They sat in Milstein’s office, a surprisingly small space, situated in the southeast corner of the twenty-eighth floor. The building at that height was oddly shaped, so that Milstein’s office didn’t occupy a full corner, but rather a section of a triangle. Milstein liked the shape of his office because with him sitting behind his desk, anyone else in his office was relegated to the cramped and disorienting space on the other side of his desk.
Although it was a workday, Milstein wore casual weekend clothes. Brown corduroy pants, open-collar blue button-down shirt, a tan V-neck cashmere sweater, all of it about a size too big for his small frame.
Pearce sat uncomfortably at the side of Milstein’s desk. His rumpled suit, white shirt, and blue-striped tie looked like he had been wearing them all day.
A large Styrofoam cup of coffee from the office kitchen sat on the floor next to his size fifteen shoes. He needed it. His frustration, anger, and Milstein’s insulting phone call had kept him from sleeping soundly.
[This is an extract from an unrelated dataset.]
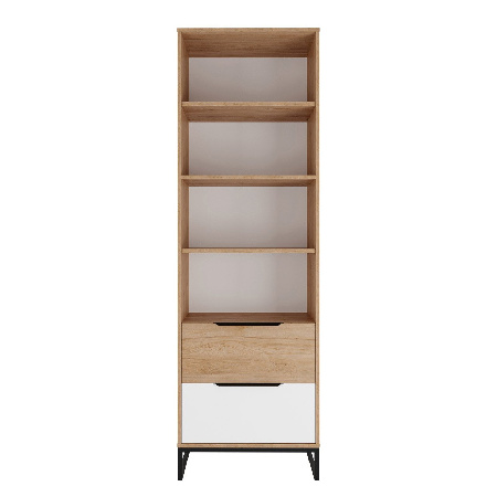 Regál je ideální volbou pro ty, kteří hledají pohodlí a styl. Regál Irawadi R2SZ IA07 obohatí zařízení každé místnosti. vašemu oblíbenému čtení Dalším prvkem nábytku jsou dvě zásuvky, které vám umožní uspořádat drobné předměty nebo dokumenty. Provedení: Přední část a korpus: 16 mm silná dřevotříska, hrany: ABS (viditelné plochy), papír (neviditelné plochy), zadní stěna z 3 mm HDF desky, kovový rám s černou práškovou barvou, kovové úchyty, kuličkové ložiskové kluzáky.
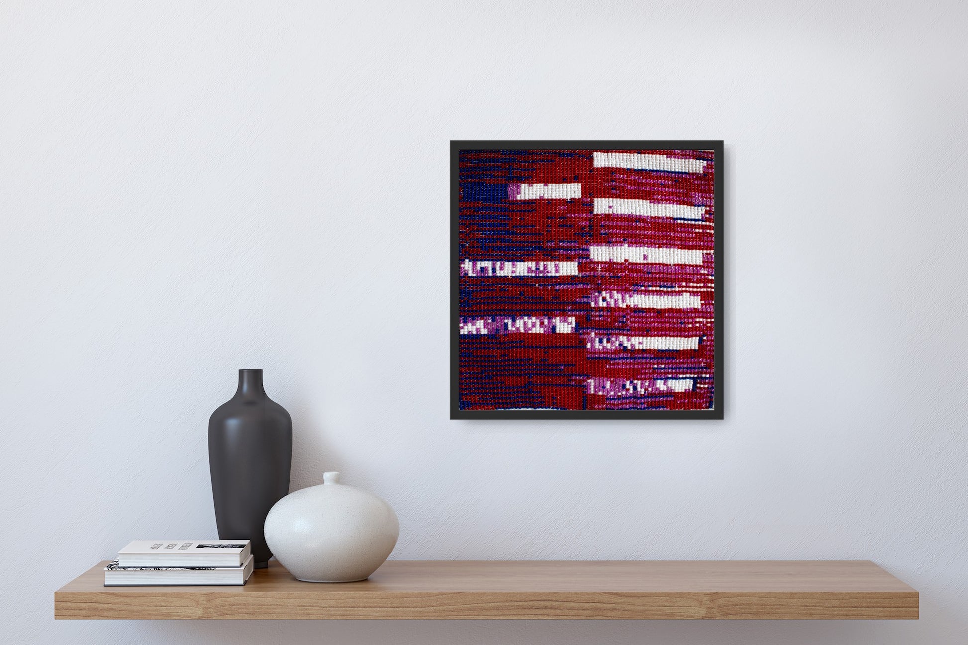 About the Collection: Handwoven on simple wooden looms by artisans in Bhavnagar, Gujarat, this piece embodies India’s fading bead-loom tradition. Tiny glass beads are woven into intricate patterns inspired by nature and geometry, preserving a craft once used to create torans that symbolized welcome and good fortune. Each artwork tells a quiet story — a meditative play of texture, light, and patience.

He’d finally gotten out of bed at around four and stubbornly continued to work on finding James Beck.
He used a lawyer friend’s subscription to LexisNexis and kept pounding away at legal and public records that had any connection to Phineas P. Dunleavy, his enmity at the lawyer’s dirty trick fueling him. He tracked through one paper trail after another until he found the name of a James Beck listed as a managing partner buried in closing documents on one of the properties Dunleavy’s law firm had acquired. Bingo. Pearce knew he would have to take a quick drive to the building to verify that Beck actually lived at that address, but his gut told him he had succeeded in finding out where James Beck lived.
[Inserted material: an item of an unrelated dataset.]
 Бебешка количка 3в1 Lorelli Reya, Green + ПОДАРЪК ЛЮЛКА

He sat waiting for the right moment to let Milstein know the information he had uncovered, which would be the moment when Milstein lodged his next complaint. Told him how incompetent he was, or threatened him.
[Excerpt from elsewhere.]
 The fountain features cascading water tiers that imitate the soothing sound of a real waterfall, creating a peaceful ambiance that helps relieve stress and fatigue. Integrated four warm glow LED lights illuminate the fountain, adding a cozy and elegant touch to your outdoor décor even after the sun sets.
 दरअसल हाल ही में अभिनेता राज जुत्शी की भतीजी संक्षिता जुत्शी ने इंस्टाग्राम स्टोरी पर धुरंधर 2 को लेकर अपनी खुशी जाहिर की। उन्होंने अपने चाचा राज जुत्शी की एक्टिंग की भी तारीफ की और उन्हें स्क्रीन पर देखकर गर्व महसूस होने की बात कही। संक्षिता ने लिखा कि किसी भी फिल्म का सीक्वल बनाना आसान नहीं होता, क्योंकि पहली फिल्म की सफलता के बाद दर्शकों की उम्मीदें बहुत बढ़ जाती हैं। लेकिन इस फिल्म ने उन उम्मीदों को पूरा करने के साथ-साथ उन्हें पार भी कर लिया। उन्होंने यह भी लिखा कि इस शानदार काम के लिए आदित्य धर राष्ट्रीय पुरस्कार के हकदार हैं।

Milstein shifted in his seat. Working himself up to something.
“So, Walter, I asked you up here so I could tell you face-to-face.”
Instead of waiting for it silently, Walter pushed it.
“Tell me what, Mr. Milstein? How disappointed you are in me?”
Walter’s directness surprised Milstein. “Well … “
“Well, what?” pressed Walter.
“Well, uh, yes, actually. It’s been days since I asked you to find out about those men and you seem to be completely stuck.”
Walter interrupted Milstein. “It’s been about thirty hours since we walked out of Central Park and you told me to find those men, Mr. Milstein.”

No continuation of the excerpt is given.